Sales Guide Contents

Little more than an internal contact directory, the standard of corporate sales intranets has never been high. I know this because I spent a decade in this very space and still today take a keen glance at what’s on offer behind closed doors.

Without wishing to dwell on the whys and wherefores here, marketing-led initiatives fail because they do not align with how a salesperson must work to win, and plans that rely on the salesforce to wiki up their combined knowledge collapse for all sorts of other reasons. Chillingly, in my extensive experience here, less than half of big team b2b salespeople truly care about furthering their lot the 2.0 way.

Anyway, clearing out an old box of files I came across one large company’s Sales Guide from 1996. It was an enormous lever arch folder, almost six inches thick. The first item to greet you were the eight colour acetates of their core corporate presentation. Here’s a redacted version of the one supposed to precede your own territory additions.

The format was roughly; coverslide with snappy straplines, company background, key themes, bar graphs of volume/revenue/profits/eps growth, latest results, market share (above).

Everyone thinks they need a corporate presentation yet I feel virtually no-one uses their opportunity and messages correctly.

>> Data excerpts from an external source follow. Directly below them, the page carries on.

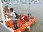 Attention à ne pas se faire mordre en décrochant l'hameçon | et 6 jours plus tard, Catafjord franchit gaillardement la bouée d'atterrissage à l'entrée du Mahury | Pour prendre un repos bien mérité au mouillage | devant la marina de Degrad des, Cannes où nous retrouvons Syvie, Richard , Eloé sur "D'un B" |
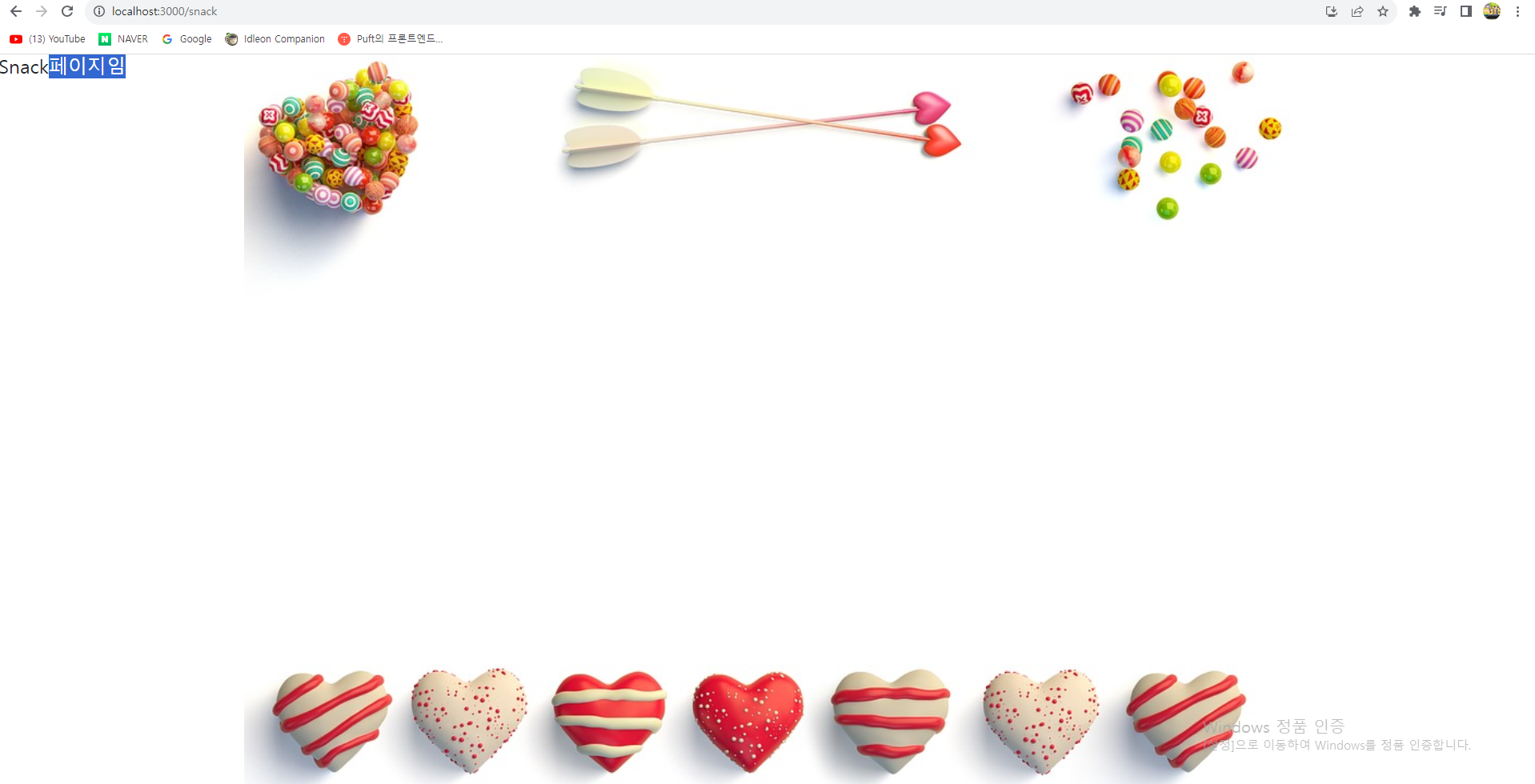 버튼을 누르면 이렇게 snack페이지로 이동합니다. 경로를 잘보시면 /snack이 추가되었습니다. snack페이지로 이동했단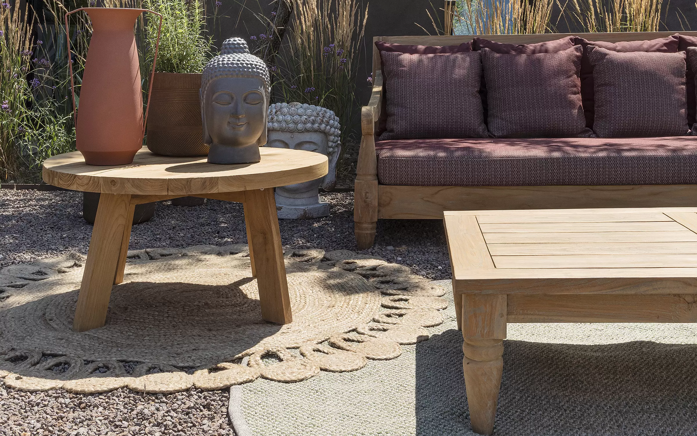 Okrągły stolik kawowy z drewna tekowego w naturalnym rustykalnym wykończeniu na 4 nogach z grubym blatem z desek.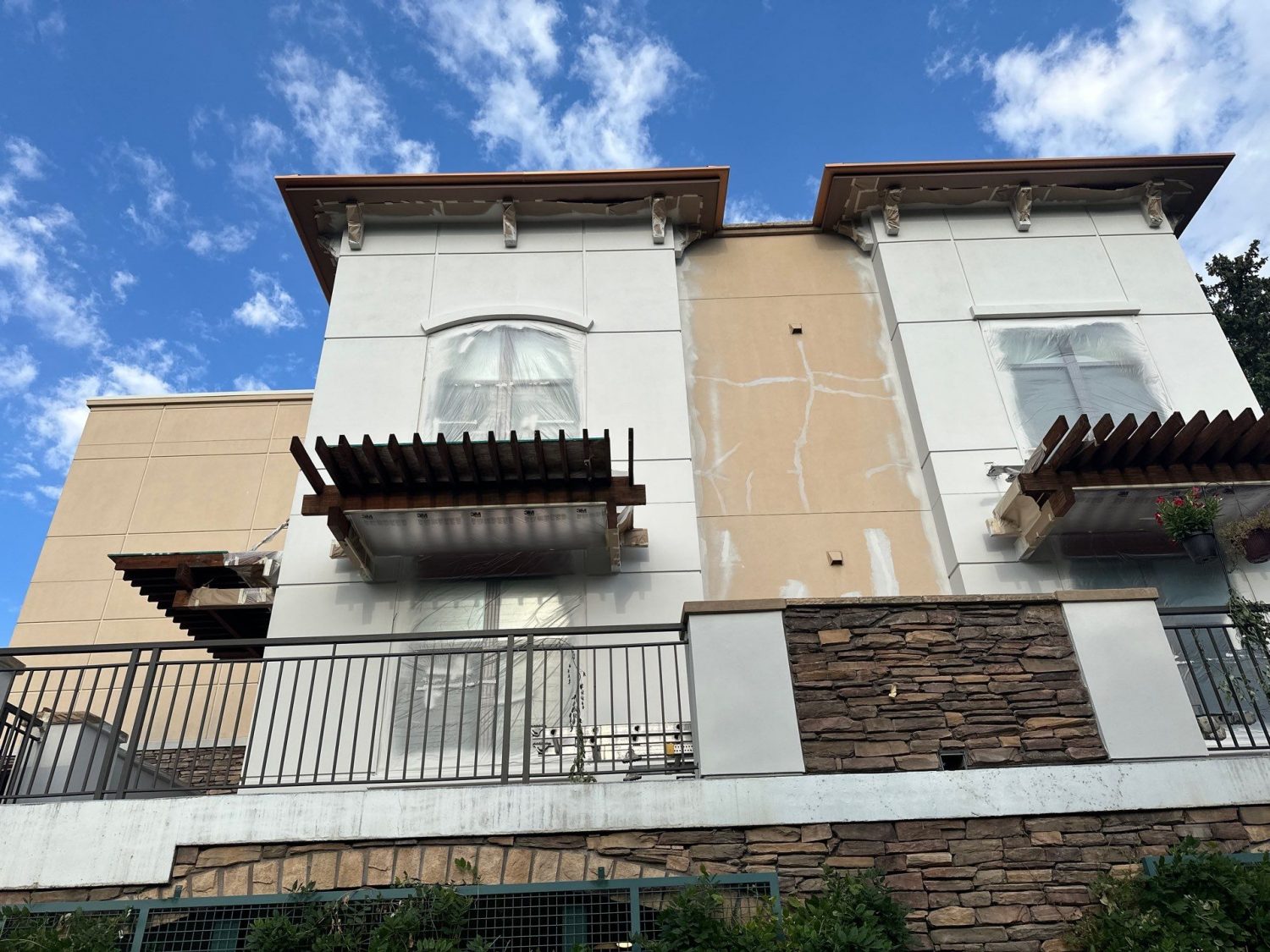 Proper preparation was a critical component of the project and began with comprehensive power washing to remove years of dirt, oxidation, and environmental buildup from stucco surfaces.

The next surprise was an old school cassette. Someone at HQ taped themselves talking turkey. All I’ll say here is I love this idea, yet the last time I used the same principle unbelievably only ten percent of the reps listened to their mp3.

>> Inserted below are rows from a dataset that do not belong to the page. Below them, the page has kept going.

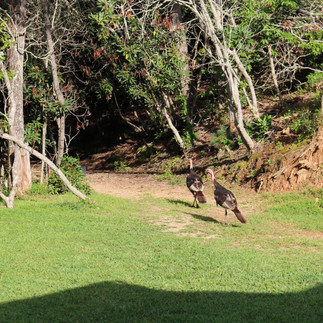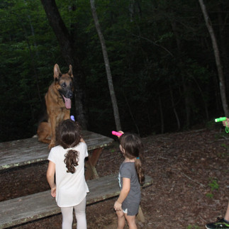 We got to our site and set up, it was beautiful there! They had small hiking trails on their property that we could walk around all day. They also had a lovely gazebo, chickens, fawns, ballerina geese, wild turkeys and deer that came down off the mountain each evening for feeding. They have a little trail called the enchanted forest that the girls just died for, we had to walk it every night to see if we could see the fairies (the fireflies!).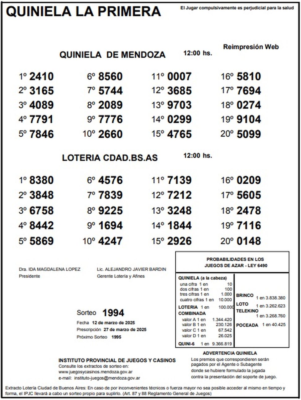 Resultados Quiniela de Mendoza: La Primera del 12 de marzo de 2025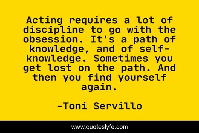 Acting requires a lot of discipline to go with the obsession. It's a path of knowledge, and of self-knowledge. Sometimes you get lost on the path. And then you find yourself again.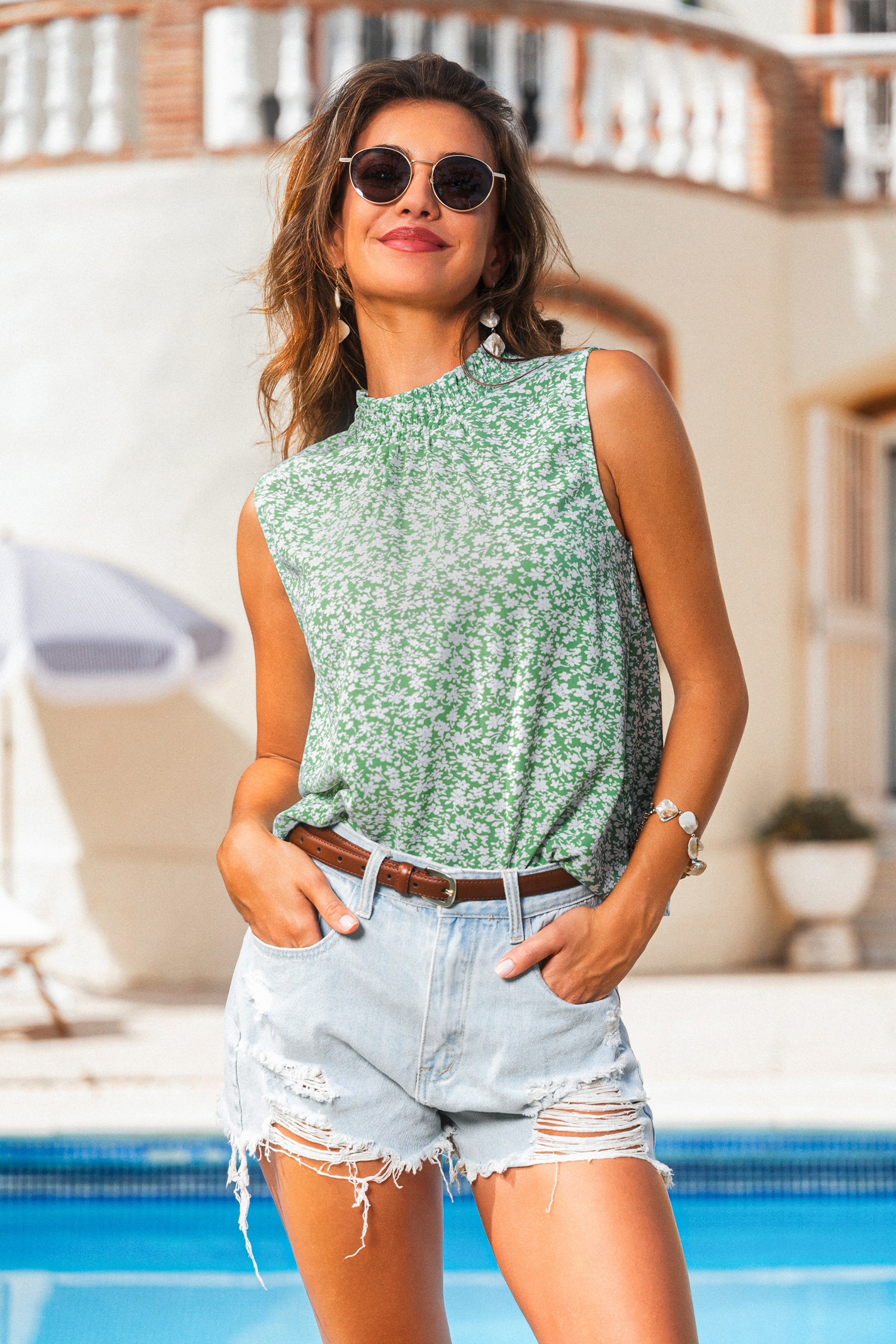 Grünes Ärmelloses Hoher Ausschnitt Top mit Blumenmuster

As for the table of contents, I’ll summarise the main sections.

  1. Corporate Overview
  2. Market Overview
  3. Product Overview
  4. Sales Organisation
  5. Marketing Organisation
  6. Training & Support
  7. Admin
  8. Product Specs
  9. Competition
  10. Customer Directory
  11. Metrics

Try, if you can, to gloss over the fact that the marketing department took most pages to talk through. Product overview and specs differ in that the former pulls out the uniques and benefits, whereas the specs are almost technical bullets.

Is this a template that has stood the test of time? Well, so few companies attempt such a task direct comparison would be tricky.

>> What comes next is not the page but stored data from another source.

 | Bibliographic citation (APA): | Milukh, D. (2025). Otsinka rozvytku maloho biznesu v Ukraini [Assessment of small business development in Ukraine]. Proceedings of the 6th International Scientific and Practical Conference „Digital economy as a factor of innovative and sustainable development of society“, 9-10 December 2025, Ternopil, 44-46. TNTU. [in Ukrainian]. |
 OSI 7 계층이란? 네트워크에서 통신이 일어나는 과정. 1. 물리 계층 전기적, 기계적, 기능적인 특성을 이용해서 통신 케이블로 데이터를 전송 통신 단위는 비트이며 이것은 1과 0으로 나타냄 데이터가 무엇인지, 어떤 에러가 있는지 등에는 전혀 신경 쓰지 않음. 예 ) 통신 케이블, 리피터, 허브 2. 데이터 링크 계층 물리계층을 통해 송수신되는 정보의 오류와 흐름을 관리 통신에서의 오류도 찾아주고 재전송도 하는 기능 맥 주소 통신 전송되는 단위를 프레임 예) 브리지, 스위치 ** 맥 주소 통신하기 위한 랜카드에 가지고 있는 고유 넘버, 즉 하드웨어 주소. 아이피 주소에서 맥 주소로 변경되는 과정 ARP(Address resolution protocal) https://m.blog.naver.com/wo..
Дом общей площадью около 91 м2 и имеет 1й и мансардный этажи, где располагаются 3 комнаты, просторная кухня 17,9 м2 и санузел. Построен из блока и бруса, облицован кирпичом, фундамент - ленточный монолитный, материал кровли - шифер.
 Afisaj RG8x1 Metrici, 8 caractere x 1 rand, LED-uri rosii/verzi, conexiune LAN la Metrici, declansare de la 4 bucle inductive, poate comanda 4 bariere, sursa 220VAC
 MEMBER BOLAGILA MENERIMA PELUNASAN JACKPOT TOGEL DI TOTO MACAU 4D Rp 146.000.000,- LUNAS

Here’s the rub. If your typical salesperson always prefers to send a global email round in response to an immediate prospecting dilemma rather than proactively arm themselves with such defences, it doesn’t matter what you put in your folder, or nowadays online.

The shameful truth is that the numbers of salespeople that seek out best-practices and key messages from their colleagues, even when put on a plate for them, are the minority.